Как там Никколо, наемник-фриульянец, назвал себя и своего брата – пушечным мясом? Эти люди нанимали рабочую силу, пешек для отвратительной игры, правила которой пешкам никто не объяснял. Брайсону вдруг подумалось, что на самом деле он ничем не отличается от братьев-наемников. Все они были всего лишь инструментами, которыми пользовалась какая-то неведомая сила. Всего лишь пешками.
Все это время Лейла сидела на краю кровати. Теперь же она поднялась и прошла в крохотную ванную комнату, и несколько мгновений спустя вернулась со стаканом воды.
– Аптекарь дал мне антибиотики. Я сказала, что утром занесу рецепт, и он все порывался нагрузить меня такой кучей таблеток, что их хватило бы засыпать тебя с головой.
Она вручила Брайсону стакан и несколько капсул.
В Брайсоне тут же заговорила привычная подозрительность: что это за безымянное лекарство она ему подсовывает? Но голос разума заглушил подозрительность, заявив: «Если бы она хотела убить тебя, она бы это уже сделала – за последние двадцать часов ей представлялась для этого масса возможностей. И кроме того, тогда ей бы уж точно незачем было рисковать своей жизнью, спасая твою». Брайсон проглотил капсулы и запил их глотком водопроводной воды.
– У тебя отсутствующий вид, – сказала Лейла, собирая медикаменты. – Как будто ты где-то далеко отсюда. Ты думаешь о чем-то неприятном.
Брайсон поднял взгляд и медленно кивнул.
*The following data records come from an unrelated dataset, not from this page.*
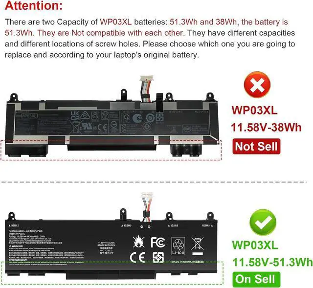 COMPATIBLE P/N : WP03XL M64304-1D1 M73466-005 M64305-421 M64304-422 M64304-AC1 L78555-005 HSTNN-LB8W HSTNN-OB2J HSTNN-LB9C HSTNN-IB9Y 31CP6/60/75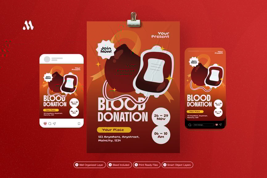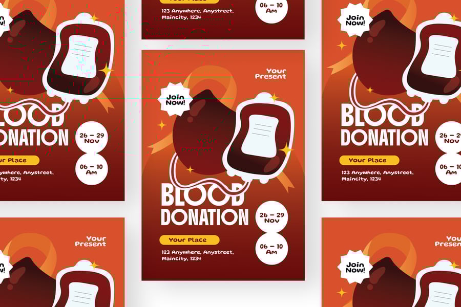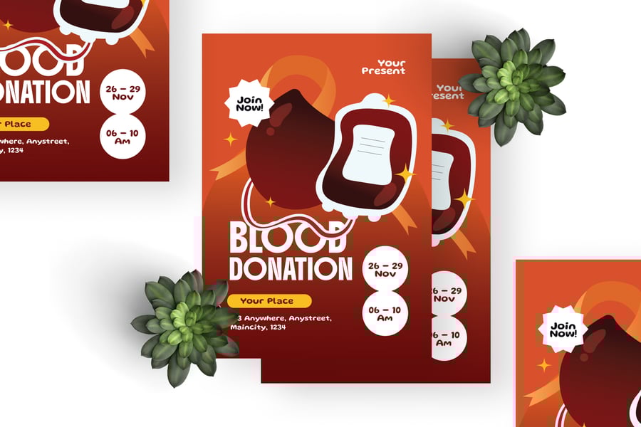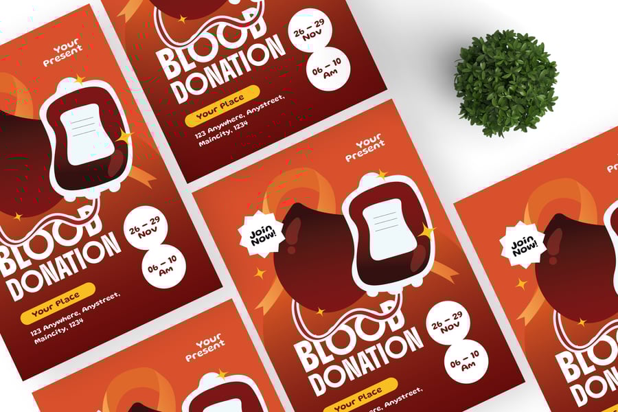 我们的**献血**传单套装带来震撼的视觉冲击。我们精心设计,可根据您的品牌或业务进行个性化定制。无论您展示哪个行业、服务或产品,我们都能为您提供理想的传单套装。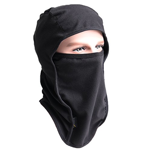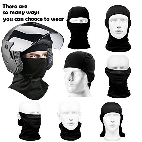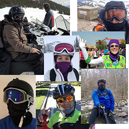 Heavyweight warm balaclava comes with amazing features to ensure optimal comfort and protection against harsh weather conditions. The extra length in the front and back extends to into your jacket to help completely seal out the cold. Ski face mask windproof, soft comfortable to giving you head, ear and neck enough protection against cold and wind. The one-size-fits-all easily fits, stays comfortable and is a perfect fit for men, women and children. The exceptionally breathable fleece hood adds to the overall comfort. Extremely breathable fleece hood is you best partner on the road in bitter-cold conditions. . Warning: Keep away your balaclava from heat sources and flame. This may cause damage.
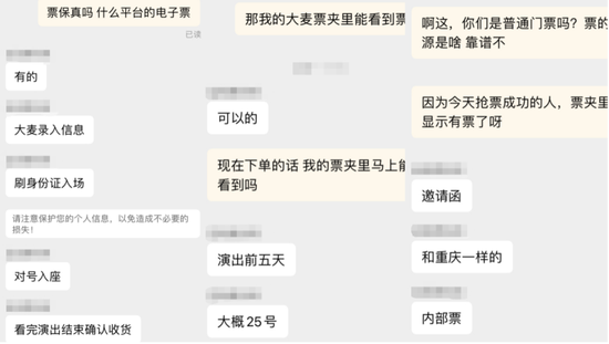 除此之外,一部分给赞助商、媒体公关、行政部门的工作票,也会被卖到黄牛手里,这类票的数量不多,基本以邀请函的形式存在。有黄牛告诉锌财经,会在演出前五天左右拿到邀请函,到时候会提供邀请函的照片,让消费者扫码实名绑定。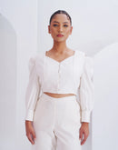 A sophisticated top crafted from luxurious fabric, featuring exquisite tailoring and unique design elements. This top is available in two classic colors: black and white, ensuring versatility and elegance for...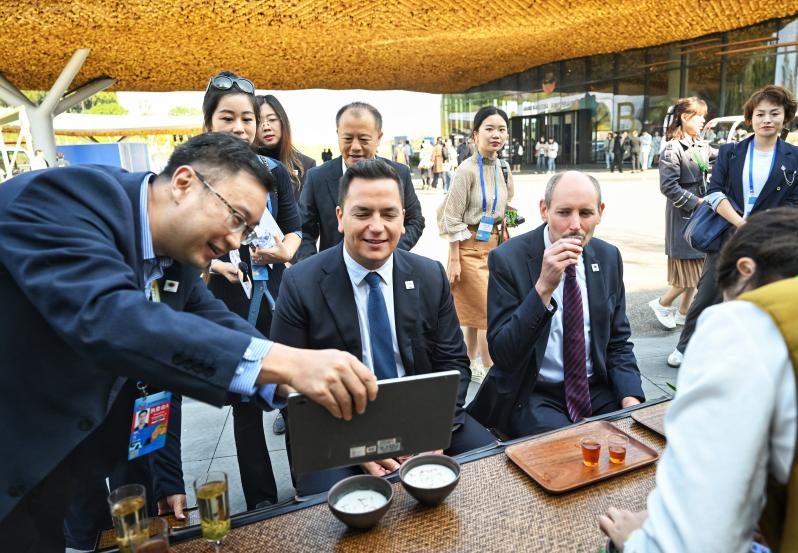 此时,国际园艺生产者协会主席莱昂纳多·卡皮塔尼奥、秘书长提姆·布莱尔克里夫、主席夫人玛丽莱娜·卡里耶里正在体验点茶工艺。在工作人员介绍下,他们了解了大熊猫国家公园的生态保护和生物多样性,品味了生态产品,了解了茶的生长环境与制作过程。“茶的口感很好,而且这个很有艺术感,是一种美学……”他们称赞着茶的品质,也为中国的文化传承和创新精神所折服。

Делить комнату с красивой женщиной – пусть даже спальные места были распределены вполне целомудренно: Лейле отвели кровать, а Нику диван – такого с ним не случалось со времен неожиданного исчезновения Елены, то есть уже несколько лет. Время от времени подворачивались всяческие возможности, но Брайсон продолжал вести монашеский образ жизни. Он словно наказывал себя – за какие-то свои поступки, заставившие Елену уйти.
Свои ли?
А какая часть их совместной жизни была задана и срежиссирована Тедом Уоллером?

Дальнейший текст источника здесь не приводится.